Addendum: AGI-specific challenges
- Overcoming anti-scaling tasks / negative transfer seems challenging for AGI in order to achieve generality, but significantly less problematic for ANI where specialization is the goal. Pushing generality means encountering domains where previously learned inductive biases are not useful, and in fact can be harmful; ANI doesn’t need to juggle, reason about inductive biases, and retrieve them on a domain-specific basis as much as AGI likely will need to - a problem yet to be solved. Note that the famous no free lunch theorem lays at the extreme end here.
- A popular notion is that AGI requires interacting with an environment; scaling up a language model is not enough on its own - but to efficiently obtain online training data, model sizes need to be dramatically shrunk (e.g., GATO). This may already be one crucial fork - pursue AGI with smaller interactive models, or scale LMs to improve ANI? Cognitive models don’t need real-time speeds while solving many economically important tasks. (On the other hand, there is already abundant work on variable “thinking speed” with deep models.)
- AGI likely needs significant advances in “free-form learning” - SOTA models are superhuman on many tasks, but learn in a very specific, very data-hungry manner.

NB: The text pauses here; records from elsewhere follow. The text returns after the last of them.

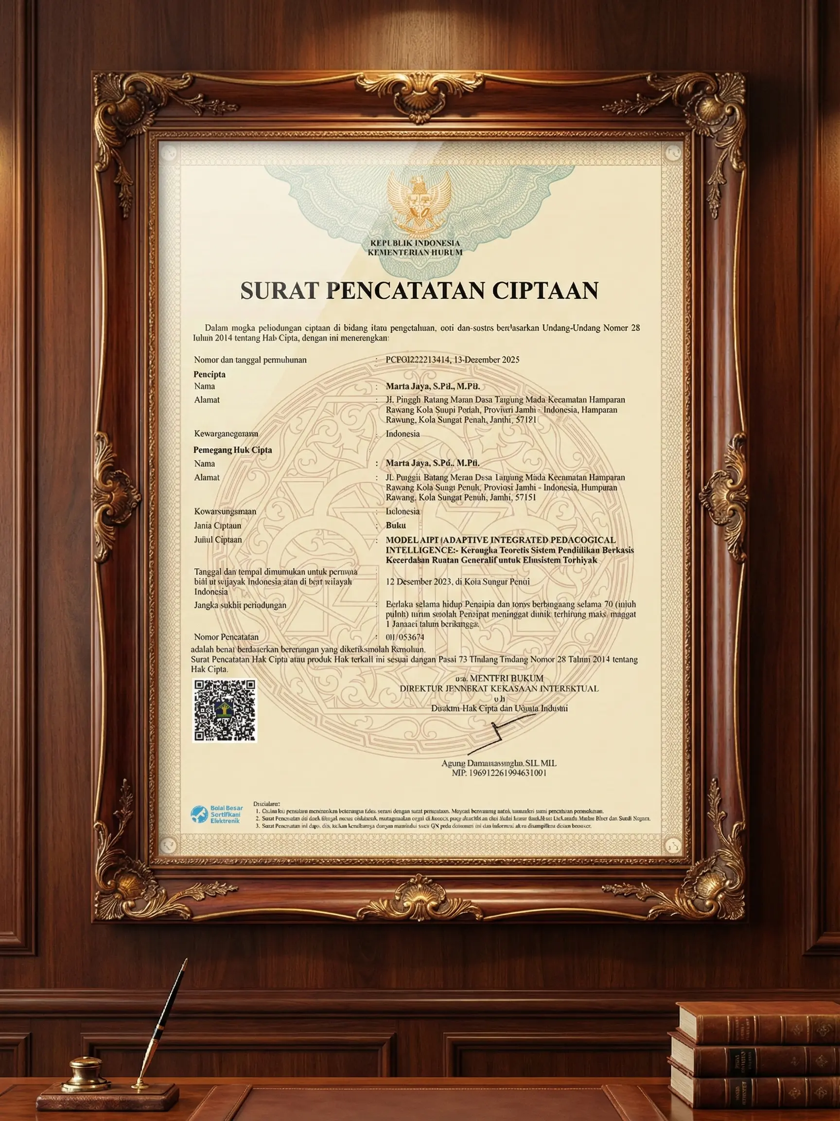 Pencatatan HAKI atas Model AIPI ini bukan hanya sebuah pencapaian legalitas, melainkan sebuah tonggak awal bagi visi besar transformasi pendidikan digital di Indonesia. Ke depan, model ini dirancang untuk terus berkembang menjadi standar sistem manajemen pembelajaran cerdas (Intelligent LMS) yang dapat diadopsi oleh berbagai kampus dan madrasah. Bayangkan sebuah masa depan di mana setiap santri memiliki tutor AI personal yang membimbing mereka belajar kitab kuning, dan setiap kampus memiliki sistem yang mampu mendeteksi potensi drop-out mahasiswa sejak dini. AIPI adalah langkah pertama menuju realisasi visi tersebut, menjadikan teknologi sebagai pelayan yang setia bagi kemajuan peradaban ilmu.
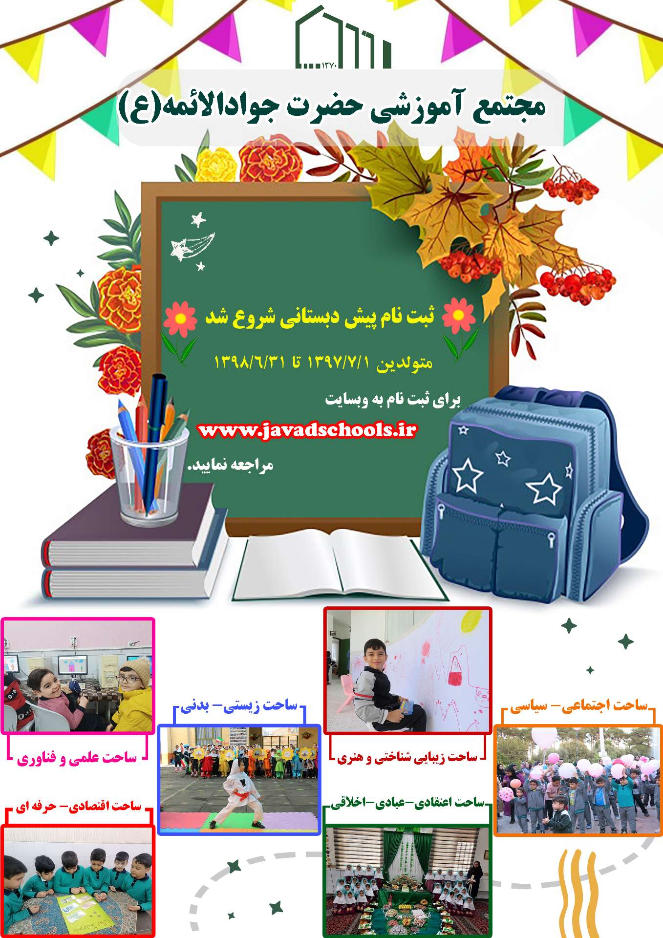 والدین گرامی؛ به پیش دبستانی حضرت جوادالائمه (ع) خوش آمدید. توجه داشته باشید سن دانش آموز جهت ثبت نام به شرح ذیل می باشد: *متولدین ۱۳۹۷/۷/۱ تا ۱۳۹۸/۶/۳۱ جهت ثبت نام پیش دبستانی۲ لطفا در صورت داشتن شرط بالا مراحل زیر را انجام دهید: ۱- اطلاعات خواسته شده را با دقت وارد نمایید و بعد از تایید ره یافت، وجه پیش ثبت نام را پرداخت فرمایید. بعد از پرداخت وجه پیامک تایید برای شما ارسال خواهد شد. ۲- برای هر نوآموز تنها یک بار اطلاعات را ثبت نمایید. ۳- زمان جلسه آشنایی با ضوابط، ره یافت و امکانات مدرسه بعد از پیش ثبت نام برای شما پیامک خواهد شد. سپاس از صبوری شما
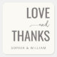 This square sticker features a minimalist and elegant design with a focus on typography, perfect for expressing gratitude. The layout is clean and uncluttered, utilising a light beige background paired with shades of medium charcoal grey for the text. The bold sans-serif font creates a strong visual impact, while delicate script adds a touch of grace. Ideal for personalising gifts or notes, this design conveys warmth and sophistication, making it suitable for various occasions like weddings, anniversaries, or thank-you gestures.
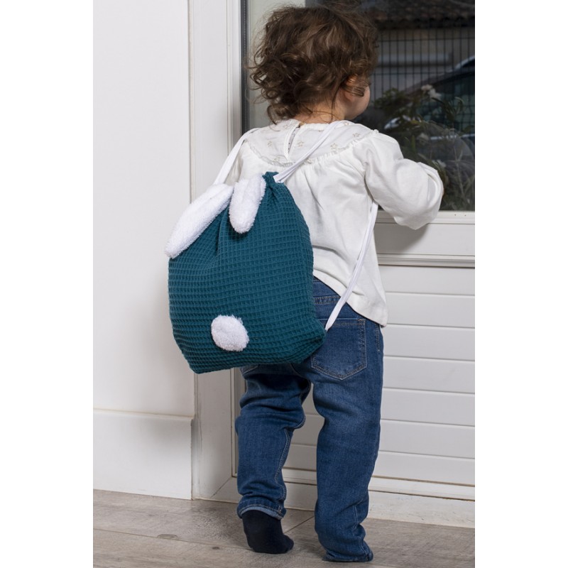 Ce sac à dos lapin, ultra léger et robuste, permet aux baroudeurs en herbe d’être autonomes et de gérer eux-mêmes leurs petites affaires ! Couleur : paon En nid d’abeille 100 % coton Dimensions 30 cm x 27 cm Lavage en machine A partir de 2 ans
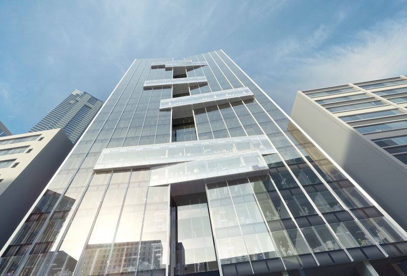 One Bedford Place is a brand-new iconic commercial development amidst the formerly industrial neighborhood that differentiates from the conventional monolithic appearance of commercial high-rise buildings in Hong Kong. The architectural design takes the form of a “splitted” twin-towers with protruding “bridges” slanted at varying angles to create a sense of movement and play. Cladded with full height curtain wall and decorative fins, this dynamic composition, together with its slender, prismatic volumes and expressive exterior language, creates a distinctive architectural identity.
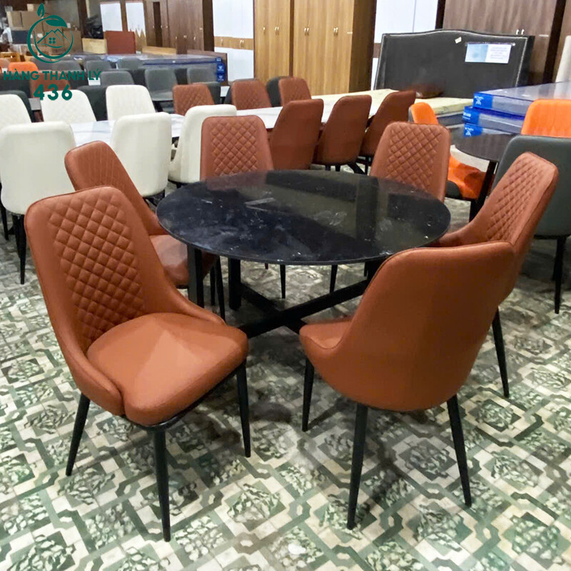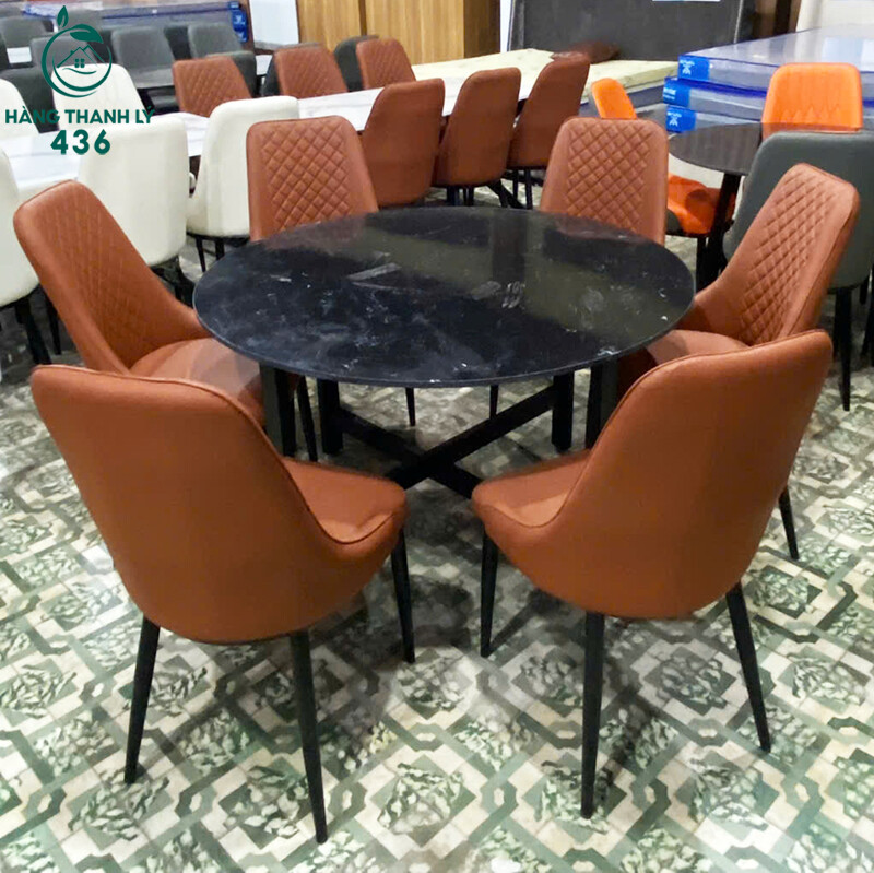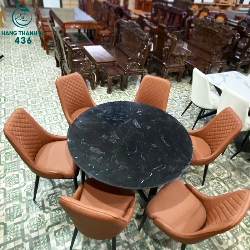 Mô tả: Bộ bàn ăn này gồm bàn tròn và 6 ghế, phù hợp sử dụng cho gia đình từ 4–6 người. Mặt đá tròn tạo cảm giác gọn gàng, dễ bố trí chỗ ngồi và thuận tiện khi dùng bữa. Ghế bọc da êm, màu sắc nổi bật, dễ phối với nhiều kiểu nội thất khác nhau. Tổng thể bộ bàn ghế ăn thanh lý đáp ứng tốt nhu cầu sử dụng hằng ngày mà vẫn giúp tiết kiệm chi phí.

We don’t know how to achieve efficient learning (as humans do) from new experiences, especially in new out-of-distribution domains. The most exciting developments here are GPT’s few-shot learning ability, and retrieval mechanisms. This problem is likely shared with broadening current ANI, but at some point there will be a fork; after all, in many economically-important tasks, trained superhuman performance is already good enough - the ability to continually learn is not necessary.